**WHAT IS REQUIRED**
Your task is to return exactly the lines that run from the one containing "这套阵容非常惧怕刺客阵容,遇到4刺或6刺躲避皎月、佛耶戈、妖姬。" through the end of the listing below, without any pictures.

**DATA PROVIDED**
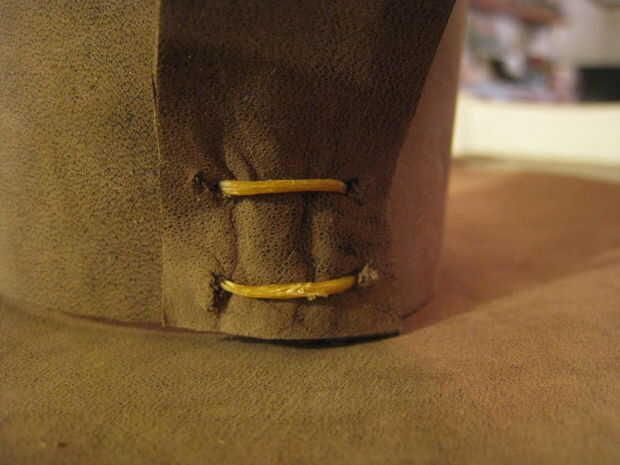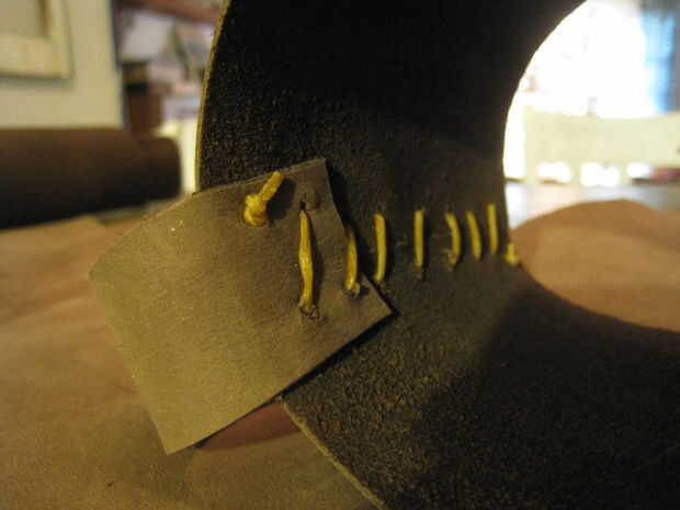 Ahora taladro/punzón 4 agujeros en cada extremo de su mango. Intente el mismo espacio como los agujeros en el cuerpo de la cubierta.
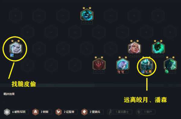 这套阵容非常惧怕刺客阵容,遇到4刺或6刺躲避皎月、佛耶戈、妖姬。
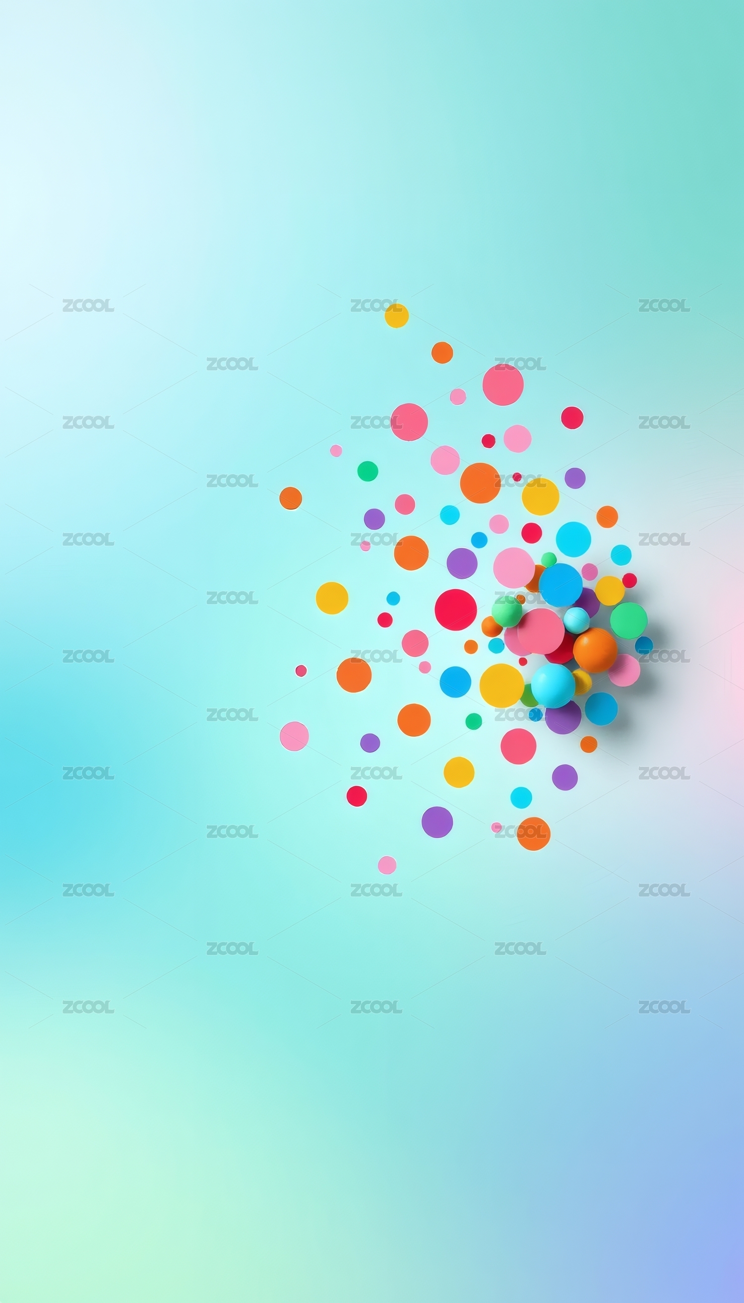 渐变背景上飞散的多彩圆点
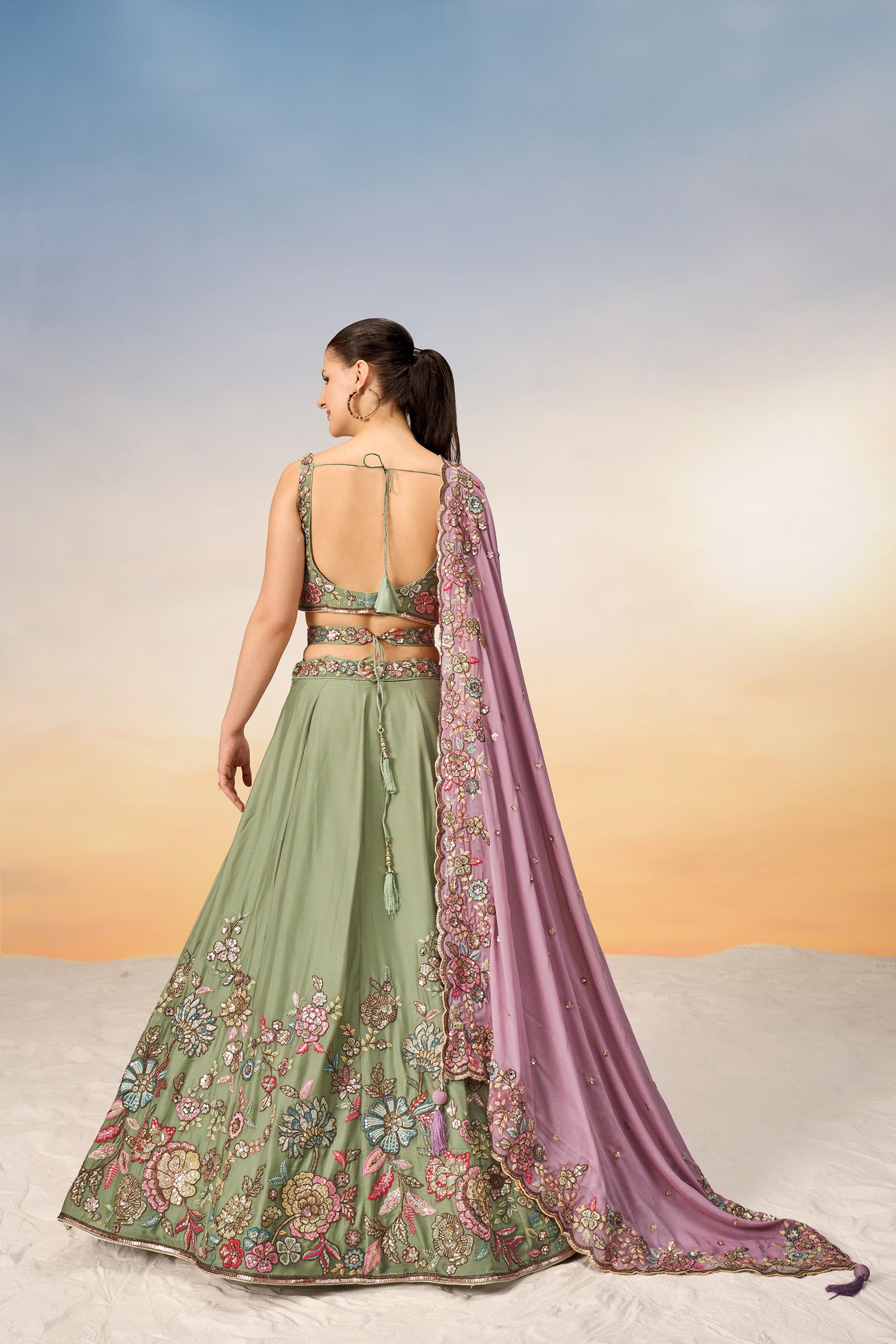 Lime Green Pure Georgette Mirror with Sequins embroidery Semi-Stitched Lehenga choli & Dupatta
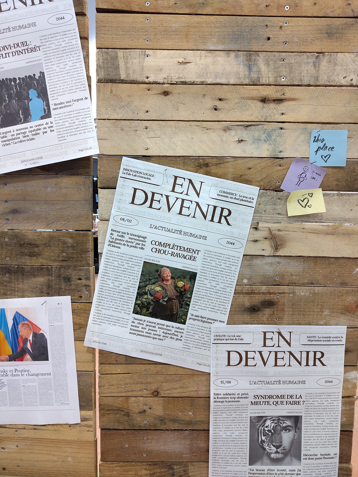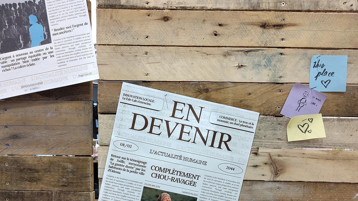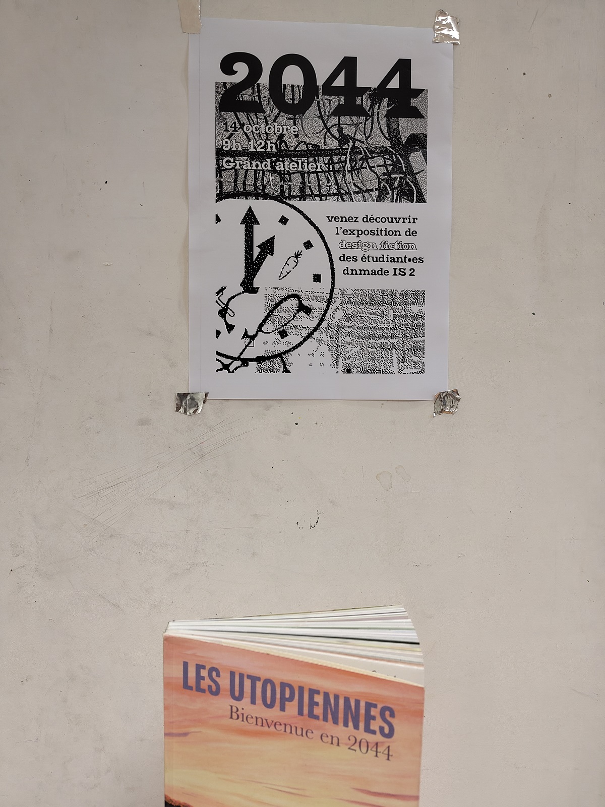 Les étudiant•es de deuxième année innovation sociale ont interprétés les textes du livre Les Utopiennes : bienvenue en 2044 emprunté au CDI, pour proposer une exposition immersive.
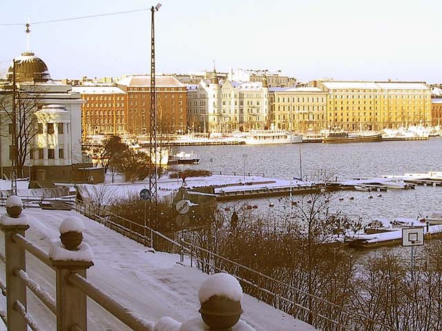 Helsinki: Laivastokatu Katajanokalla ja Pohjoisranta auringonpaisteessa.
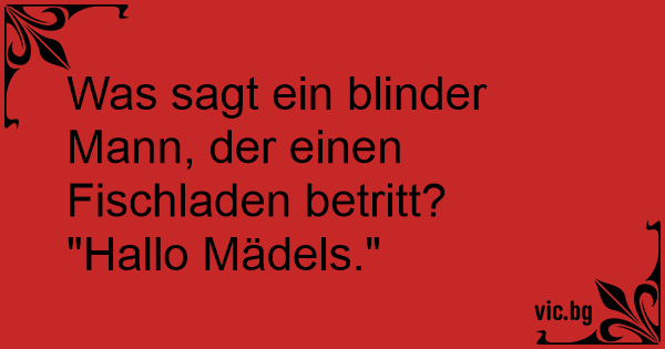 Kommt ein Blinder in einen Fischladen. Dann sagt er: "Hi Mädels!"
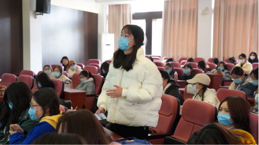 在交流互动环节,同学们踊跃提问,金老师就同学们关心的就业技能培养、知识储备等问题做了专业细致的回答,并鼓励同学们:“融媒体时代,电视新闻的发展还需要注入更多新鲜血液,同学们要在大学期间加紧能力培养,未来的发展需要并依靠你们!”精彩的讲座获得了同学们的热烈掌声。
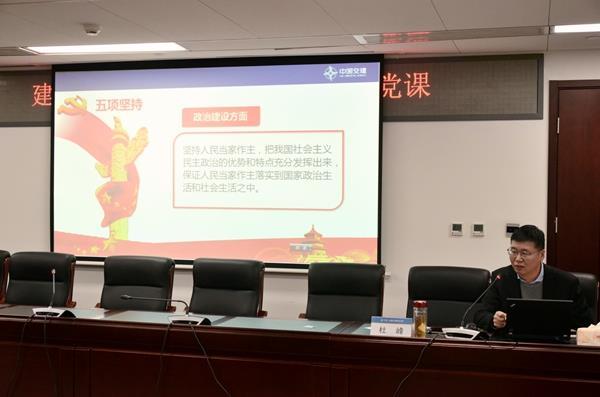 11月30日,公司副总经理杜峰为机关全体职工讲授题为《抢抓新时代“五位一体”总体布局机遇,推动公司市场投资开发工作新发展》的党课。
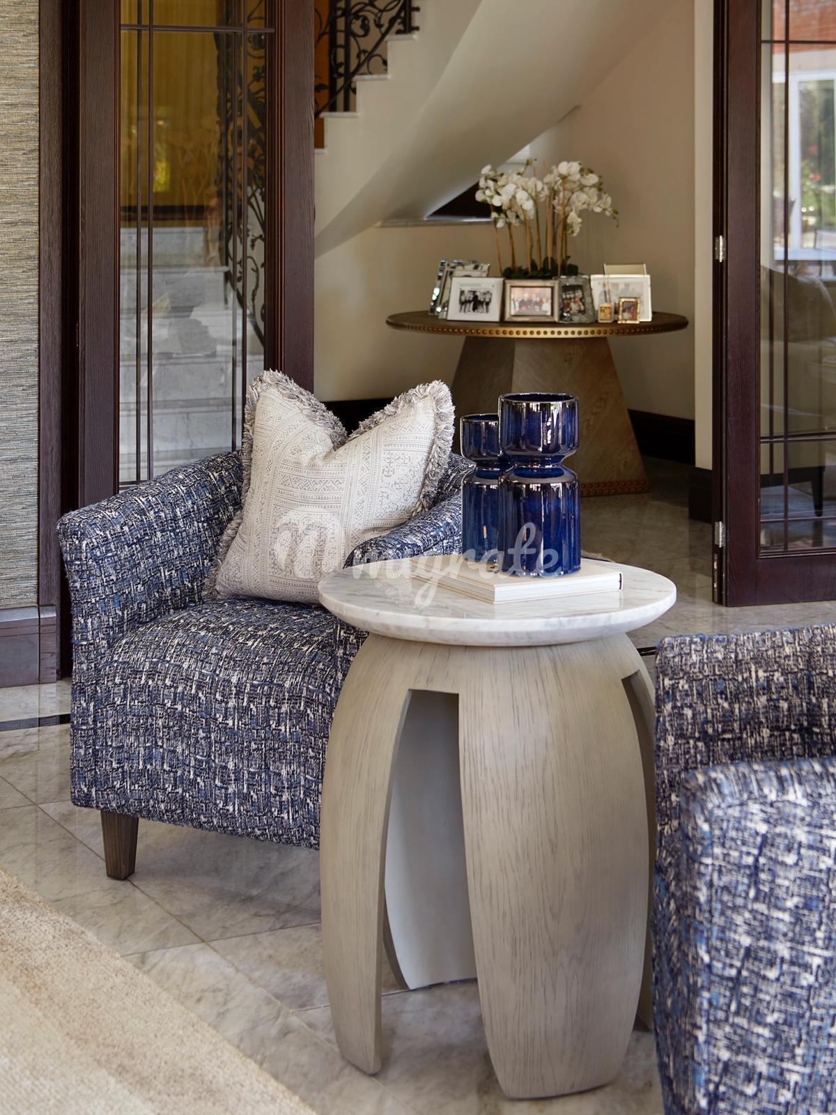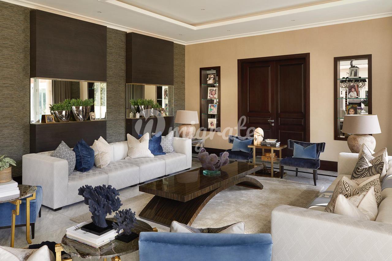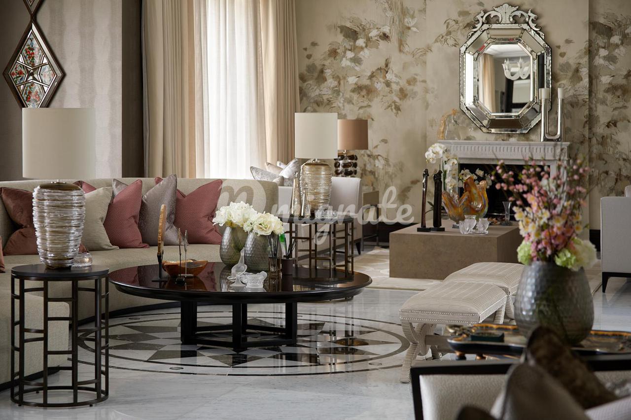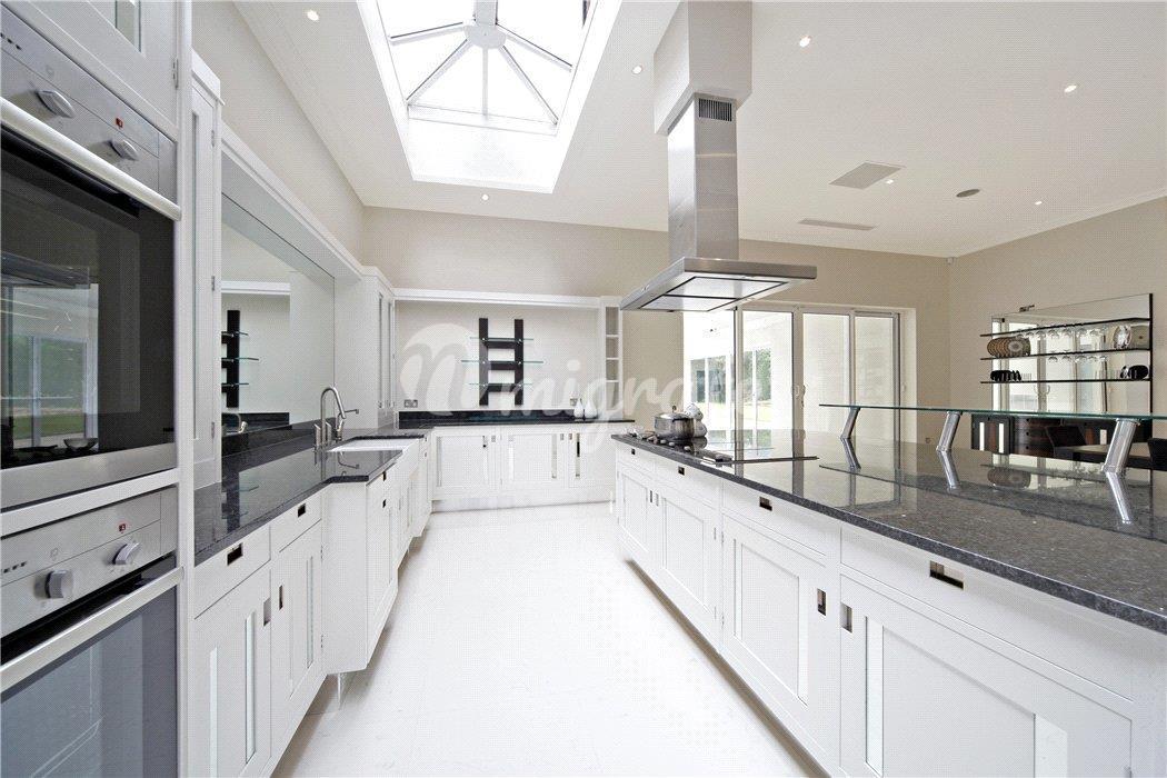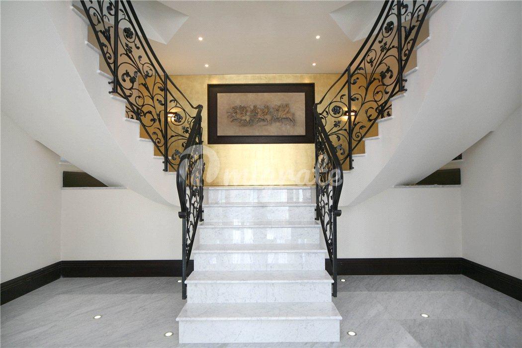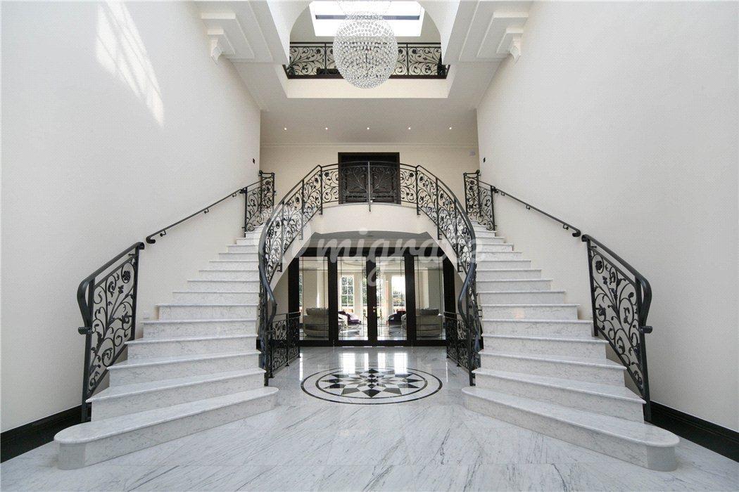 На первом этаже впечатляющий холл двойной высоты имеет великолепную двойную широкую лестницу на второй этаж. Из холла двойные двери в просторную гостиную с выходом на террасу. На первом этаже расположены столовая, кабинет и душевая. На цокольном этаже есть сделанная на заказ кухня/комната для завтрака, вторая кухня для персонала, превосходная семейная комната с двустворчатыми дверями в сад, кабинет и подсобное помещение. На верхних этажах находится элегантная главная спальня с отдельной гардеробной, еще шесть спален и три ванные комнаты. В доме полы с подогревом и кондиционеры в основных комнатах. Снаружи сад простирается на 0,77 акра и просторная парковка перед домом.

**WORKED SOLUTION**
 这套阵容非常惧怕刺客阵容,遇到4刺或6刺躲避皎月、佛耶戈、妖姬。
 渐变背景上飞散的多彩圆点
 Lime Green Pure Georgette Mirror with Sequins embroidery Semi-Stitched Lehenga choli & Dupatta
 Les étudiant•es de deuxième année innovation sociale ont interprétés les textes du livre Les Utopiennes : bienvenue en 2044 emprunté au CDI, pour proposer une exposition immersive.
 Helsinki: Laivastokatu Katajanokalla ja Pohjoisranta auringonpaisteessa.
 Kommt ein Blinder in einen Fischladen. Dann sagt er: "Hi Mädels!"
 在交流互动环节,同学们踊跃提问,金老师就同学们关心的就业技能培养、知识储备等问题做了专业细致的回答,并鼓励同学们:“融媒体时代,电视新闻的发展还需要注入更多新鲜血液,同学们要在大学期间加紧能力培养,未来的发展需要并依靠你们!”精彩的讲座获得了同学们的热烈掌声。
 11月30日,公司副总经理杜峰为机关全体职工讲授题为《抢抓新时代“五位一体”总体布局机遇,推动公司市场投资开发工作新发展》的党课。
 На первом этаже впечатляющий холл двойной высоты имеет великолепную двойную широкую лестницу на второй этаж. Из холла двойные двери в просторную гостиную с выходом на террасу. На первом этаже расположены столовая, кабинет и душевая. На цокольном этаже есть сделанная на заказ кухня/комната для завтрака, вторая кухня для персонала, превосходная семейная комната с двустворчатыми дверями в сад, кабинет и подсобное помещение. На верхних этажах находится элегантная главная спальня с отдельной гардеробной, еще шесть спален и три ванные комнаты. В доме полы с подогревом и кондиционеры в основных комнатах. Снаружи сад простирается на 0,77 акра и просторная парковка перед домом.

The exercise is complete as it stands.